Since the start of the pandemic, there has been a visible rise in encampments across Canada. Housing is becoming increasingly unaffordable and inaccessible. People are losing their livelihoods and their homes. Many social services and shelters are at maximum capacity. More people than ever before are having to live in tents or informal shelters to survive. Many have nowhere else to go.
Last year, we continued to speak out and drive action on this issue to ensure that the rights and dignity of encampment residents are respected and upheld by decision-makers at all levels.
On February 23, 2023, the Federal Housing Advocate launched a formal review of encampments in Canada, which have become a human rights crisis in cities across the country.
Although courts and human rights bodies are increasingly recognizing unsheltered homelessness as a human rights issue, people living in encampments are in some of the most vulnerable circumstances in our society. Their dignity and rights are frequently ignored. They face harassment and violence from police, bylaw officers, and the public. Most do not have access to basic services like clean water or heat. Some have suffered harm or have died as a result of exposure, fire, overdose, and other threats to life and safety.
As a result, the Advocate is very concerned that some governments are not taking the necessary steps to protect people experiencing homelessness, particularly during severe weather. Dismantling encampments during the winter puts people's health and their lives at stake. This is a serious violation of human rights.
All levels of government have an obligation to end this crisis. The conditions in encampments, coupled with the underlying failure of governments at all levels to ensure people can access adequate housing, are a violation of fundamental human rights, including the human right to housing.
With this in mind, the Advocate has launched a formal review into this systemic housing issue. The Advocate's review will focus on systemic solutions to address the factors that lead to encampments, as well as the daily struggles of the people who live there. At the conclusion of the review, the Advocate will submit her findings and recommendations to the federal Minister responsible for housing.
The Advocate's review will include testimony from people with lived experience. Anyone who has lived in an encampment can contribute to the review by making a submission to the Advocate.
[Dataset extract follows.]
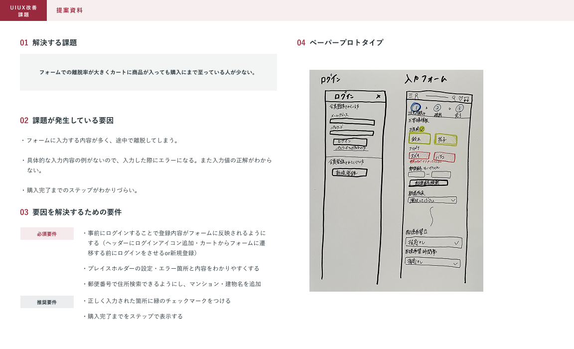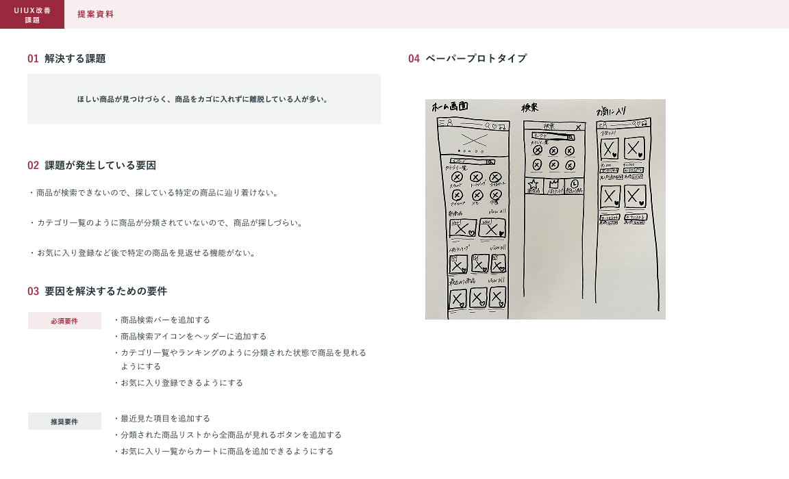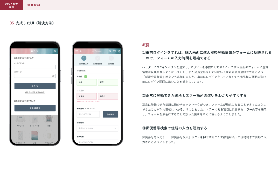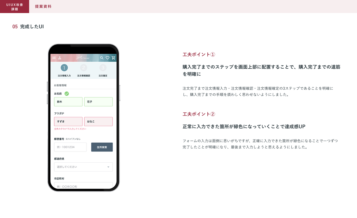 SHElikes PRO Designerの課題にて、ECサイトのUI/UX改善提案課題に取り組みました。クライアントから頂いたデザインデータをもとに3つの課題のうち2つの課題に対して改善案を作成しました。

This review will provide opportunities to engage with rights-holders, duty-bearers and other stakeholders to better understand the systemic issues and identify practical human rights-based solutions. The review will take place over six to nine months, and the final report will document the Advocate’s finding and recommendations to the Minister responsible for housing.
The recommendations will include measures to:
- Protect the fundamental right to adequate housing and other human rights for encampment residents and those at risk of homelessness, particularly those who are Indigenous and those who are members of disadvantaged groups; and
- Provide sufficient supports to allow those living in homeless encampments to transition successfully into long-term and appropriate housing situations that respect their dignity, autonomy and privacy.
Canada must do better at meeting people's vital needs for shelter and safety. Responses to encampments must centre on people's dignity and their human rights, including their right to adequate housing.
Research and engagement
The Advocate’s review builds on a series of research reports on homeless encampments released on December 8, 2022, that confirm a human rights crisis is unfolding in cities across Canada.
These reports provide critical information on the emerging issue of encampments in five regions of Canada. They also confirm that a punitive approach to encampments is failing. Tearing down encampments is unsafe and can amount to forced eviction, which is a serious violation of human rights. The researchers note that this approach does not address the underlying conditions that have led to the growth of encampments in the first place, and it does not respect the rights or increase the safety or housing security of encampment residents. Critically, a punitive approach also removes choice from encampment residents and destroys the mutual aid and community connections they have built to care for one another within a broken system.
Alongside this in-depth research, the Advocate engaged with a variety of organizations and stakeholders on the topic of encampments, including:
- A partnership with The SHIFT to engage encampment residents to raise awareness about their human rights and the role of the Federal Housing Advocate;
- A webinar organized with the Université de Montréal with the researchers on December 2nd to share the research findings;
- Expressions of concern and meetings with municipal leaders to highlight their human rights obligations when it comes to encampments;
- Engagement with the Reaching Home program at Infrastructure Canada to learn more about current federal measures to address the human rights dimension of homeless
- Encampments; and
- Participation in a workshop entitled Habiter la rue : repenser notre réponse à l’itinérance at the Archives nationales du Québec à Montréal.
This engagement and research will help decision-makers take action to better support encampment residents and uphold their fundamental human rights and human right to housing.
Recommendations VII – Encampments
Governments and decision-makers at all levels must centre human rights and the right to housing in their approaches to encampments. The reports recommend five key areas where Canada must do better to uphold the rights of encampment residents:
- Stop the use of policing and law enforcement as a response to encampments.
- Provide funding and services at all levels of government—to support municipalities that are facing the disproportionate impact of addressing the existence of encampments, and to invest in short and long-term housing options and supports for encampment residents.
- Ensure the meaningful participation of encampment residents in decisions that affect them.
- Recognize the distinct rights of Indigenous Peoples and include them in the development of policy approaches to encampments.
- Address the conditions within encampments and provide access to basic
Detailed recommendations are available in Annex A.